Wednesday, April 15, 2009

Response on Rubrics

Gary Brown responds below to my post on rubrics, in which I refer to the Washington State University's critical thinking project. This is taken from his comment to my previous post here. His detailed and thoughtful response deserves better visibility and formatting than the comment section provides, so I've reproduced it in full below.

David makes some interesting points and opens a critical discussion (pun intended), using WSU’s critical thinking rubric as foil for his admittedly geeky folly. I see his geek, and raise him my own folly.
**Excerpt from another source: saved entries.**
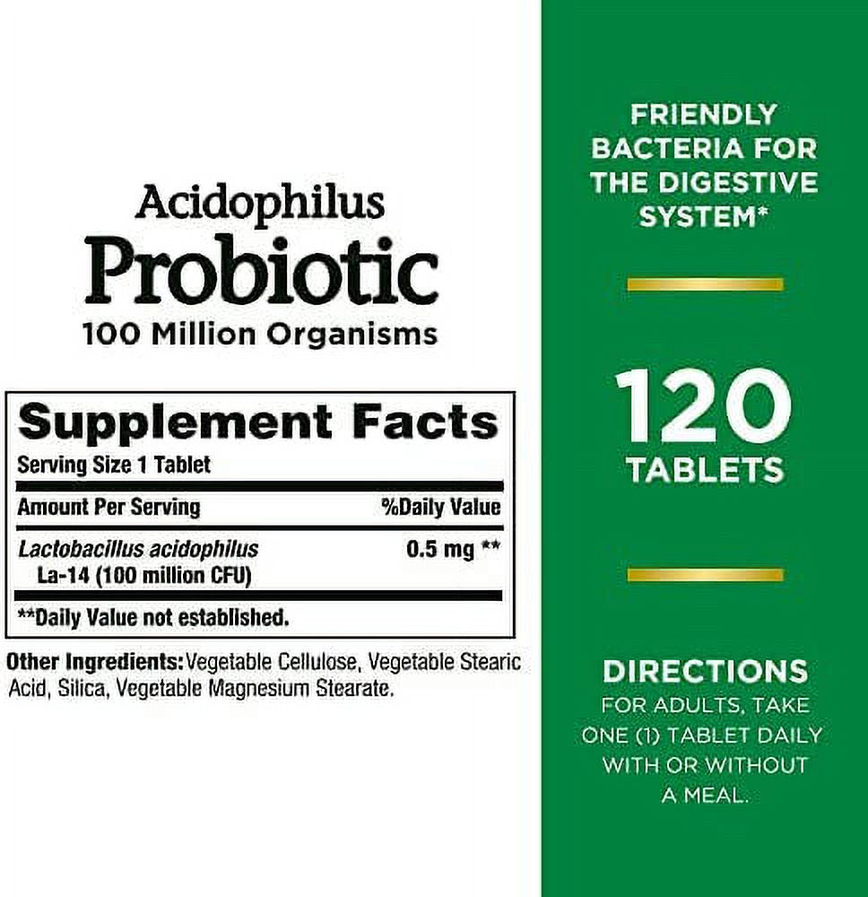 Nature’S Bounty Acidophilus Probiotic, Daily Probiotic Supplement, Supports Digestive Health, 1 Pack, 120 Tablets
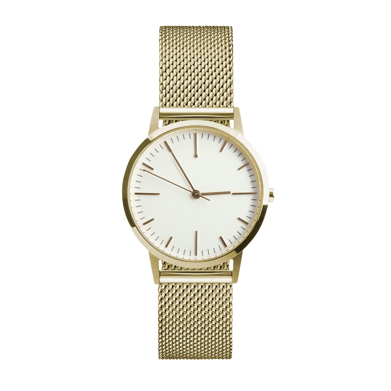 NEW 2019 DESIGN – The limited edition 30mm gold women’s watch with milanese mesh strap combines the classic detailing of vintage watches with a modern minimalist finish.
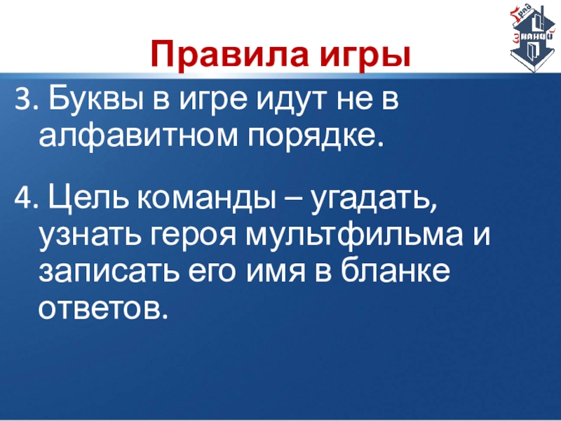 Цель команды – угадать, узнать героя мультфильма и записать его
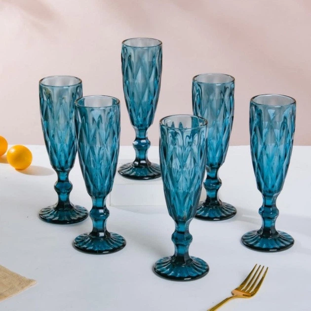 Набір келихів для шампанського A-PLUS 6шт Подарункові скляні фужери для коктейлів 150мл Blue
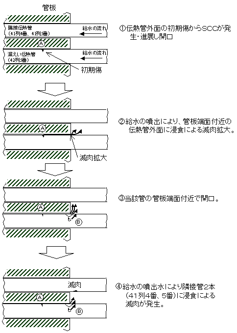 A部において、伝熱管外面の初期傷から応力腐食割れ(SCC)が発生・進展し、開口に至ったものと考えられる。このA部の開口部から給水が流れだし、当該管の管板端面付近で浸食が発生し、外面減肉が生じ開口した(B部)ものと推定される。更に、B部からの噴流により、その隣接の伝熱管が浸食を受け、隣接管は外面減肉が発生したと推定される。
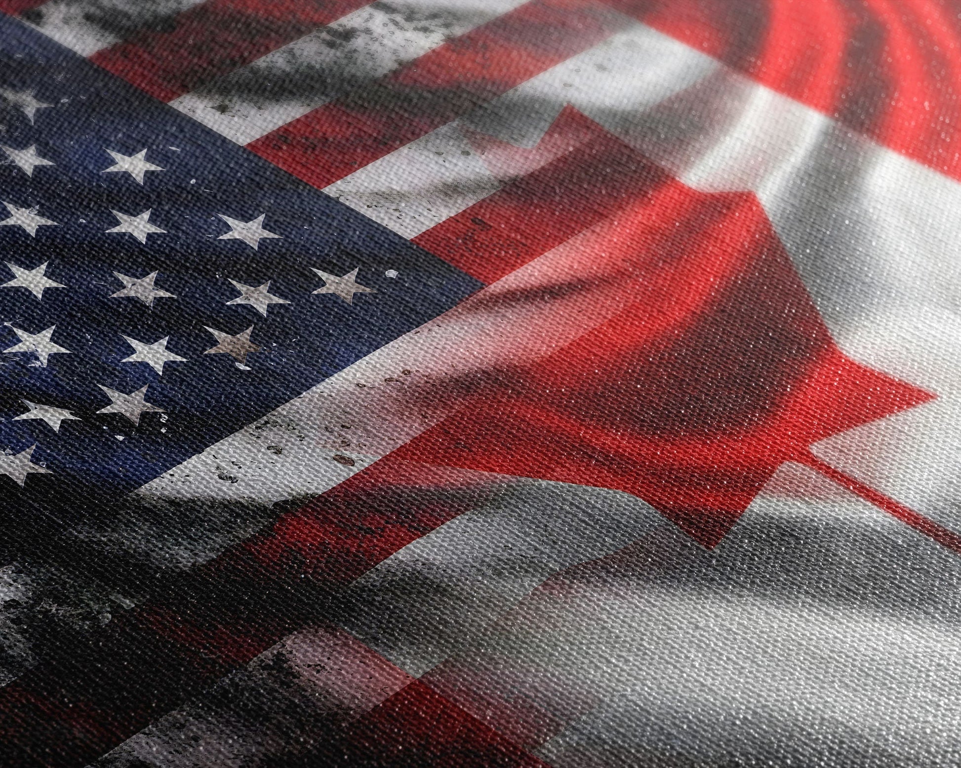 American and Canadian Flag Mashup, Canada Flag, Framed Canvas Print, American Flag Art Patriotic Immigrant Art Heritage Dual Citizenship Art

First, thanks for the kind words about our rubric. Having looked at innumerable rubrics, none including ours being perfect, we do think ours is pretty good—especially as it has been vetted by friends (and foes) from around the globe and across many many cultures, all of whom have added to and helped to refine the work. Still, as good as the rubric gets, it is never any better than the use to which it is applied.

To clarify, let me tackle some of David’s specific points. He says critical thinking is “too fuzzy.” In our view, however, the extent of that fuzziness is wholly a reflection of the context to which it is put. As William Carlos Williams the doctor poet said, “no idea but in things.” In practice this means we always assess not only the work students share, but the assignments that evince that work. (More on this in a bit.)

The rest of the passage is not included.